On Fri, Jul 17, 2009 at 8:23 PM, Carl Meyer <[email protected]> wrote:

>
> Hey guys,
>
> Thanks for the thoughtful replies.
>
> Re lexical vs dynamic scoping: for some reason I mistakenly thought
> mixins just acted like a sort of substitution macro (no scoping at
> all). So I was only thinking about scoping in the selector hierarchy,
> and asking about syntax to define a local var without modifying the
> global one (shadowing, as Nathan said). Chris, your code example shows
> exactly what I was asking about.
>
> But Nathan's right: since mixins don't have access to their calling
> scope, I can't do what I was hoping to do, even with a way to create
> local variables that shadow global ones.
>
> For what it's worth, here's what I'm trying to do in a nutshell.
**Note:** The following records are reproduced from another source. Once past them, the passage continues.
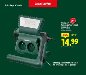 Actuellement en offre chez Lidl : PARKSIDE Lampe de travail LED avec prises ✅ Valable du 26-01 au 29-01.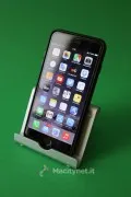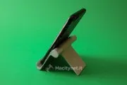 L’alluminio del supporto è robusto, di colore grigio con finitura opaca, proprio come quello dei dispositivi Apple. Affiancato ad un Mac infatti, fa la sua bella figura. Un piccolo incavo sull’area frontale permette eventualmente di interagire con il tasto Home di iPhone e iPad quando posizionati centralmente in verticale senza dover togliere o spostare il dispositivo.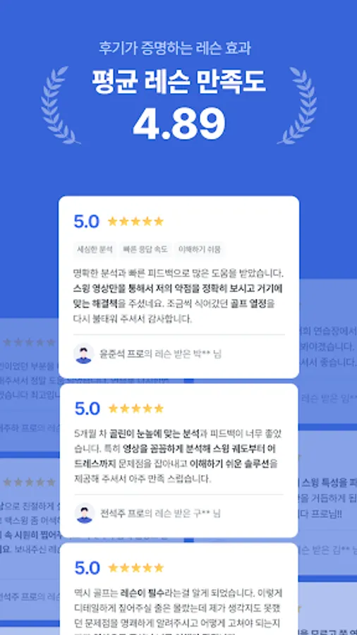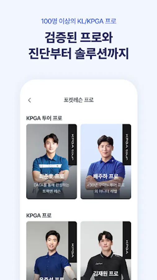Get lessons from several pros with one swing video, and find a pro that suits you well! From KPGA Tour pros to G-tour pros, various verified pros are waiting for you.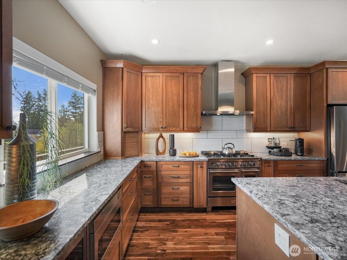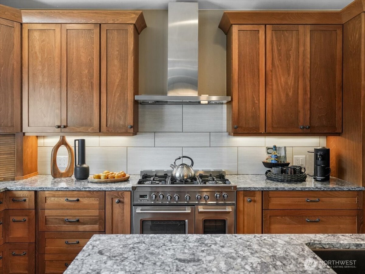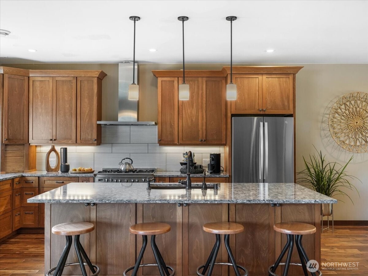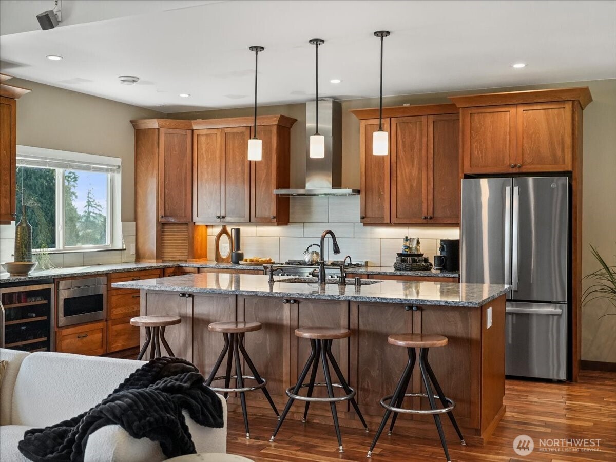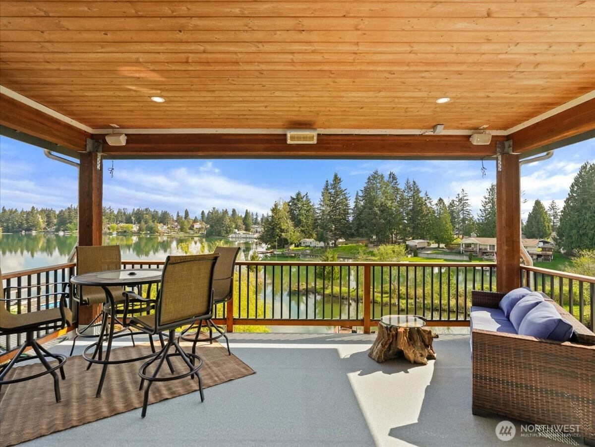 Stunning Lake Tapps waterfront retreat boasting an impressive 350 feet of prime waterfront. Beautifully designed home offers 3 bedrooms, 2.5 baths, a den or optional 4TH bedroom combining comfort, elegance, & breathtaking views. Main-level primary suite is a true sanctuary, featuring access to the upper deck, spa-inspired 5-pc bath, heated floors, large walk-in shower, dual shower, rain heads & refined finishes throughout. Main level showcases rich Acacia hardwood flooring & an inviting, open concept layout. Spacious kitchen is a chef's dream w/ abundant cabinetry, quartz counters, great for everyday living and entertaining. Dramatic floor to ceiling stacked stone gas fireplace anchors the main living space adding warmth & sophistication. Year-round outdoor living w/ expansive upper & lower covered decks enhanced by surround sound throughout. Beautifully landscaped grounds lead to a lakeside cabana w/ water, electricity ideal for entertaining. Lower level designed for relaxation & entertaining featuring stacked stone gas fireplace, built-in sauna. hot tub for private retreat experience. Waterfront amenities 2 private docks, private boat launch, Sea-Doo dock & space for a pontoon boat, this is a true boaters dream. Oversized garage w/ sink adds convenience & functionality. Attached ADU offers a full kitchen, 1 bedroom, bath, full size W/D perfect for potential rental income. This is a rare opportunity to own your own unique piece of Lake Tapps waterfront living!
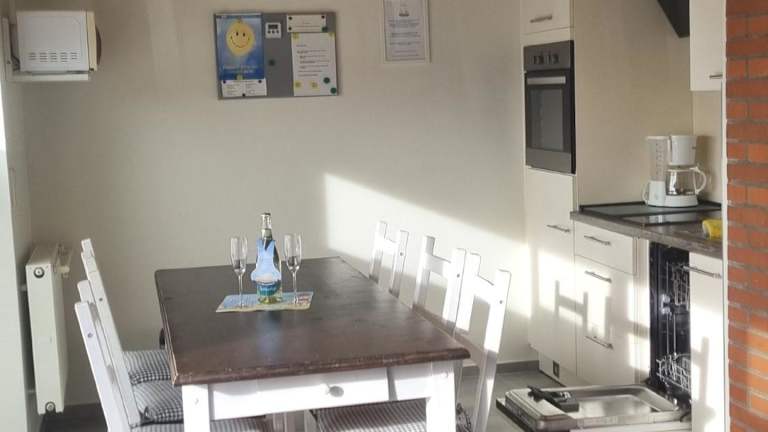 Das Apartment im Ferienhaus Robbe bietet Platz für bis zu 4 Personen und verfügt über 2 Schlafzimmer, ein gemütliches Wohnzimmer und eine voll ausgestattete Küche. Zur Ausstattung gehören ein Flachbild-TV, kostenfreies WLAN und ein Badezimmer mit Dusche. Handtücher und Bettwäsche werden gestellt, so dass Sie sich um nichts kümmern müssen. Von der Terrasse aus haben Sie einen schönen Blick auf den Garten und können die frische Luft und die Ruhe genießen.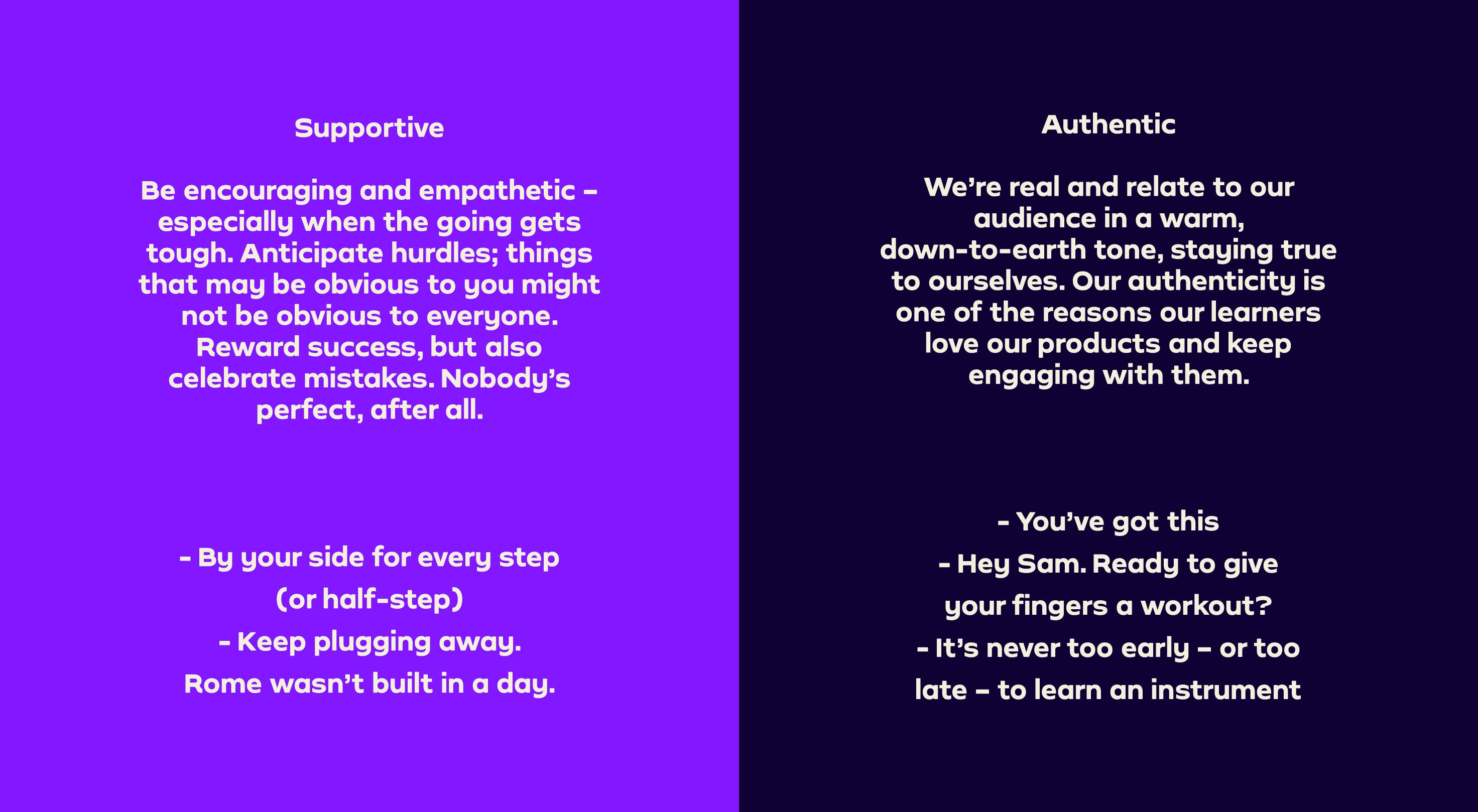 We can easily adjust how we want to sound by referring to our sliding scale. It helps us visualize how our tone changes between ‘Joyful & Empowering’ and ‘Supportive & Authentic’, and tailor our voice according to the audience or channel we’re writing for.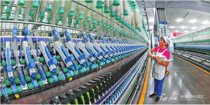 近日,工人在位于克孜勒蘇柯爾克孜自治州江蘇產(chǎn)業(yè)園的克州潤(rùn)華紡織科技有限公司生產(chǎn)車間作業(yè)??酥萁K產(chǎn)業(yè)園主要引進(jìn)裝備制造、紡織服裝、建材加工等產(chǎn)業(yè),已成為帶動(dòng)當(dāng)?shù)厝罕娋徒偷鼐蜆I(yè)、推動(dòng)克州經(jīng)濟(jì)高質(zhì)量發(fā)展的新引擎。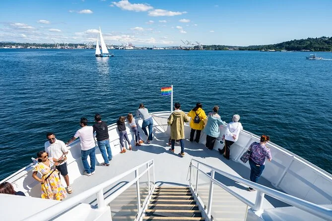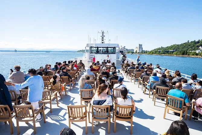 Tu paseo de una hora incluye narración en vivo por un guía local mientras exploras Elliott Bay en barco, con opciones de asientos dentro y fuera para cualquier clima; baños a bordo para que no tengas que preocuparte por el momento del café; check-in sencillo llegando 30 minutos antes en el Pier 59, cerca del centro de Seattle.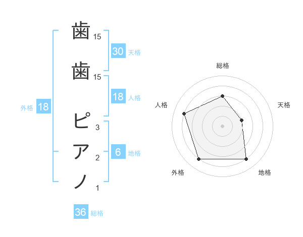 歯歯 ピアノさんを姓名の画数から五運を鑑定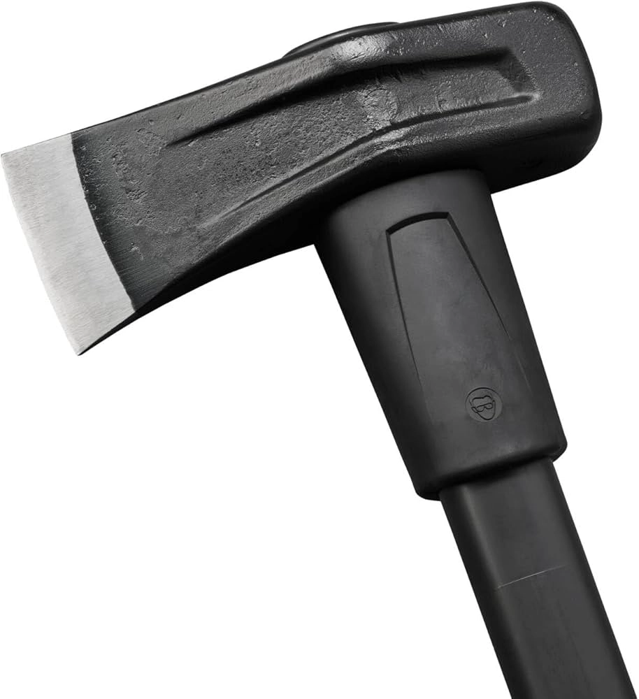 The handle is made of durable glass fiber reinforced plastic. The wood splitting hammer is very sturdy and comfortable in the hand, thanks to its comfortable, non-slip and anti-vibration handle. This is a solid axe that is extremely resistant to wear and tear.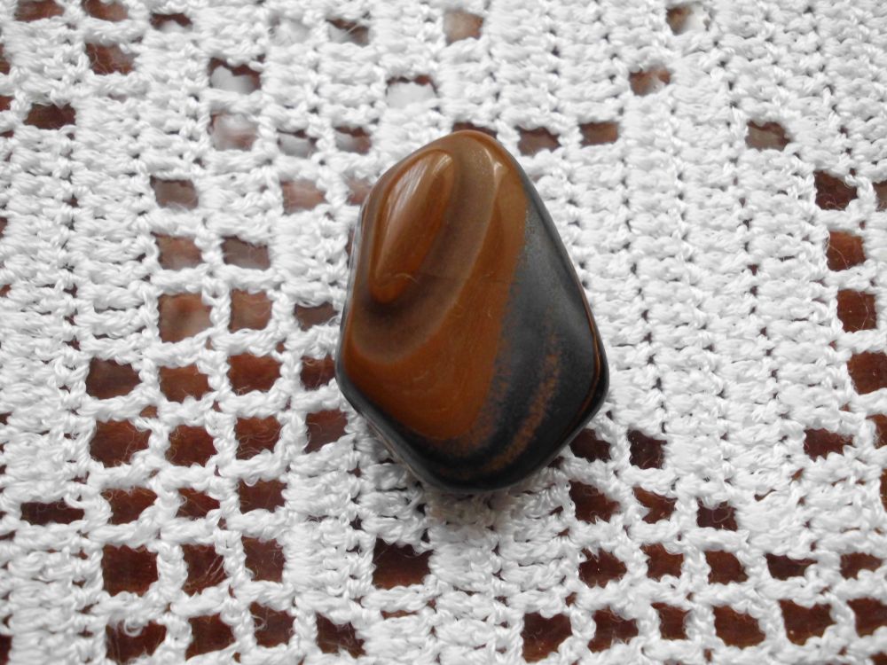 ein getrommeltes Tigereisen. Tigereisen ist ja ähnlich dem Tigerauge, nur eben rotbraun.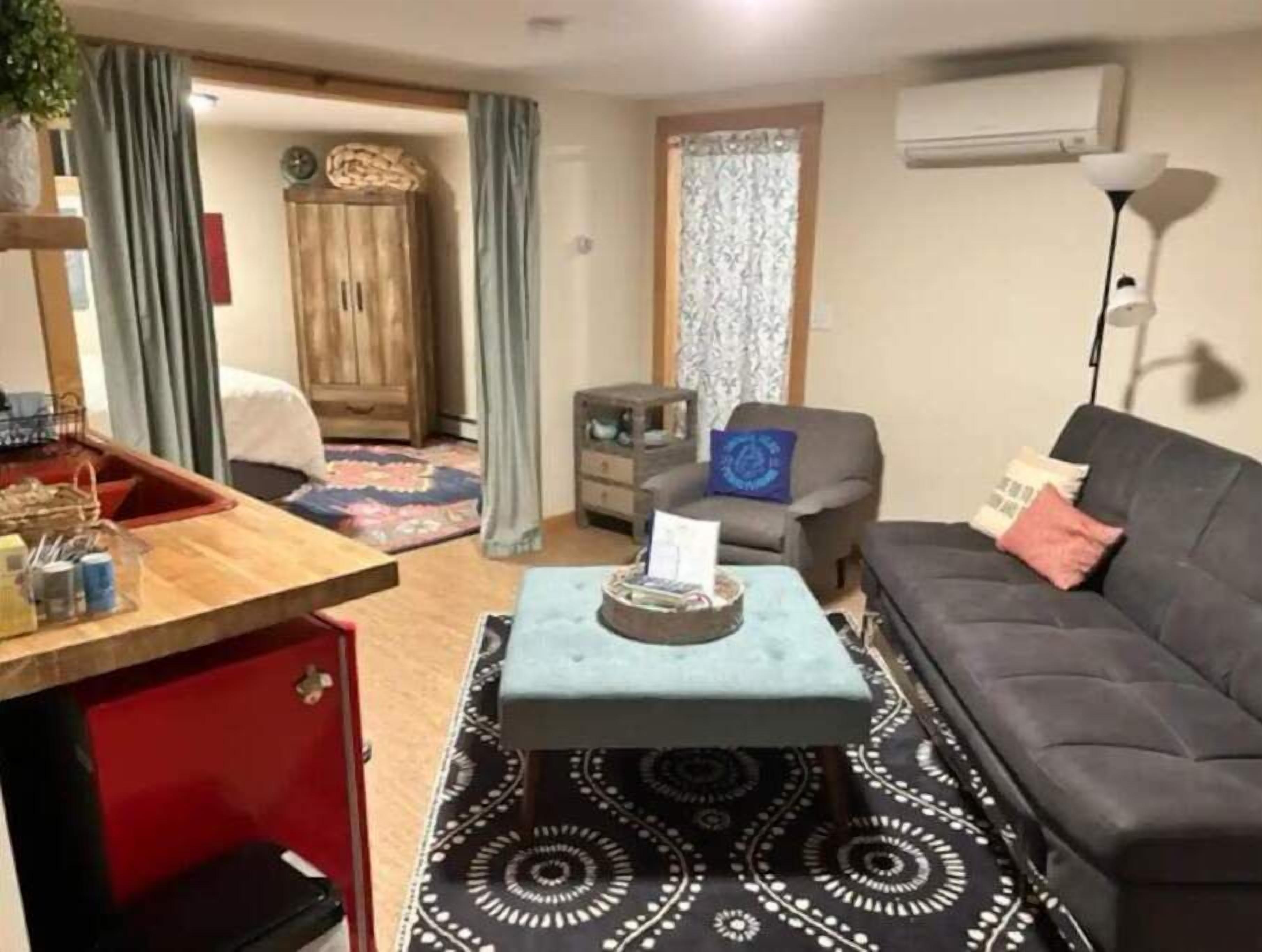 Private apartment in-town Hanover and near DHMC About this spaceEnjoy easy access to everything from this perfectly located home base. Your apartment has a private entrance and is a quick walk to Dartmouth, the shops and restaurants of Hanover, and the Coop supermarket. 5-minute drive to Dartmouth-Hitchcock Memorial Hospital.Kitchenette with mini-fridge, toaster oven, microwave, kettle, single burner plug-in cooktop.Bedroom has queen-size bed.Queen-size pull-out couch in living space.No car needed

In
> our Compass plugin as it currently stands[1], you do something like
> this:
>
> !grid_unit = "em"
> !total_cols = 10
> !col_width = 7
> !gutter_width = 1
>
> #page
>  +container
>  #nav
>    +columns(2)
>  #content
>    +columns(8)
>    #one
>      +columns(5, 8)
>    #two
>      +columns(3, 8)
>
> And it generates a fluid-elastic grid, with the page-width set in ems
> and given a max-width:100% (so it shrinks with the browser window),
> and all the internal widths set in percentages that the plugin
> automatically calculates for you.  But +columns mixin on nested
> elements needs the optional second argument so you can tell it that
> #one and #two are inside an 8-column-wide context, so it will generate
> the correct percentage width. That extra argument is easy to forget,
> and seems like it shouldn't really be needed; I was hoping that with
> scoped variables I could remove it (along with similar arguments to
> some other mixins).
>
> Chris, you're totally right that the selector hierarchy is not the
> DOM, and we're certainly aware that if you wanted to, you could easily
> break this; e.g. with other intervening DOM elements with widths set
> some other way. We're definitely doing some "magical" things to reduce
> boilerplate as much as possible (for instance, setting global
> variables like !total_cols and !col_width as class-vars on
> Sass::Script::Functions so other width-calculating functions can
> access them without having to keep passing them in everywhere). I hear
> the argument that "magic" might make it less clear to the user how it
> all works, but in practice I'm not sure the tradeoff isn't worth it.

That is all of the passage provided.